**Your objective:** Please reproduce all of the data below exactly, leaving each picture out.

== Data below ==

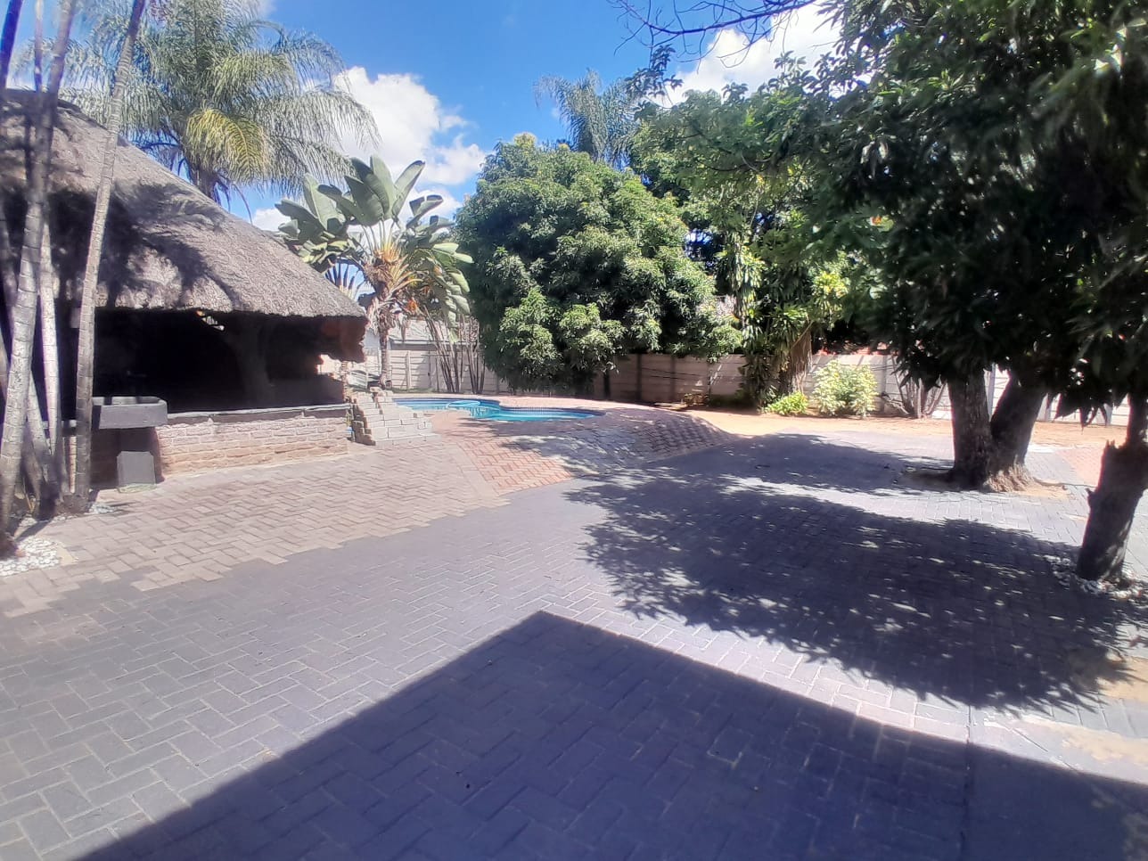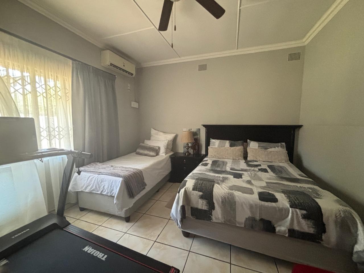 Accommodation comprises of four comfortable bedrooms with ample natural light and air-conditioning system for optimal comfort., with two benefiting from private en-suite bathrooms, alongside a convenient guest toilet. The property's outdoor amenities are equally impressive, centered around a large, clean kidney-shaped swimming pool surrounded by attractive red brick paving, perfect for leisure and entertaining. A Lapa and built-in braai further enhance the outdoor living experience, all set within a well-maintained garden featuring an irrigation system and a pressured pump water tank for self sufficient water supply.
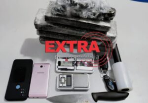 No local, foram apreendidas porções de maconha, cocaína, haxixe e comprimidos de ecstasy, além de balança de precisão, embalagens tipo ziplock e aparelhos celulares.
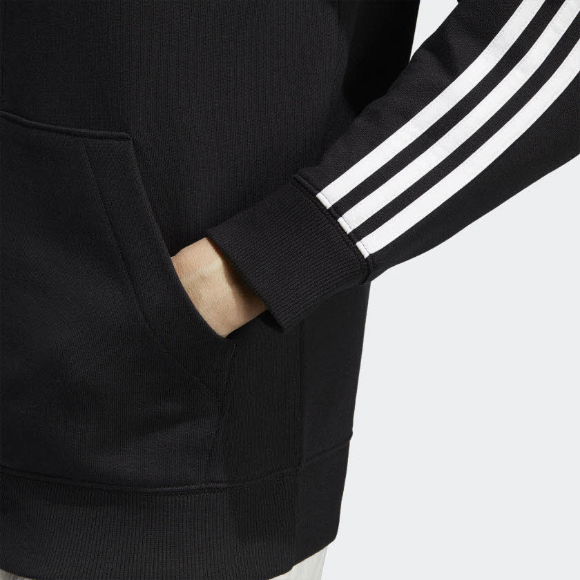 EINE KLASSISCHE ADIDAS KAPUZENJACKE MIT WEITENREGULIERBAREM KORDELZUG.
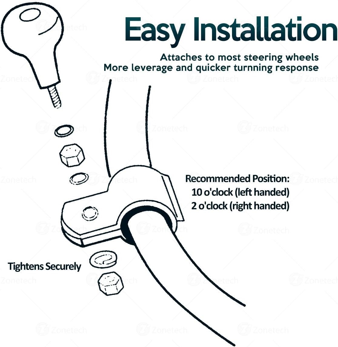 ► INCREASES TORQUE - The Zone Tech steering wheel spinner eases single hand steering through increasing the torque of the steering wheel. This allows smoother turns, especially U-turns, faster parking, safer lane merging and in general handling tight spots. ► POWER HANDLES - The Zone Tech steering wheel spinner gives you the power and ability to pull of some really tight car moves. ► SAFE - The Zone Tech steering wheel spinner is safe to drive with as long as you drive safely. If you exercise with caution and drive safely the Zone Tech steering wheel spinner will only increase car safety. ► PREMIUM QUALITY - The Zone Tech steering wheel spinner is constructed out of premium qualit...View More - Specification

===

**Response area:**
 Accommodation comprises of four comfortable bedrooms with ample natural light and air-conditioning system for optimal comfort., with two benefiting from private en-suite bathrooms, alongside a convenient guest toilet. The property's outdoor amenities are equally impressive, centered around a large, clean kidney-shaped swimming pool surrounded by attractive red brick paving, perfect for leisure and entertaining. A Lapa and built-in braai further enhance the outdoor living experience, all set within a well-maintained garden featuring an irrigation system and a pressured pump water tank for self sufficient water supply.
 No local, foram apreendidas porções de maconha, cocaína, haxixe e comprimidos de ecstasy, além de balança de precisão, embalagens tipo ziplock e aparelhos celulares.
 EINE KLASSISCHE ADIDAS KAPUZENJACKE MIT WEITENREGULIERBAREM KORDELZUG.
 ► INCREASES TORQUE - The Zone Tech steering wheel spinner eases single hand steering through increasing the torque of the steering wheel. This allows smoother turns, especially U-turns, faster parking, safer lane merging and in general handling tight spots. ► POWER HANDLES - The Zone Tech steering wheel spinner gives you the power and ability to pull of some really tight car moves. ► SAFE - The Zone Tech steering wheel spinner is safe to drive with as long as you drive safely. If you exercise with caution and drive safely the Zone Tech steering wheel spinner will only increase car safety. ► PREMIUM QUALITY - The Zone Tech steering wheel spinner is constructed out of premium qualit...View More - Specification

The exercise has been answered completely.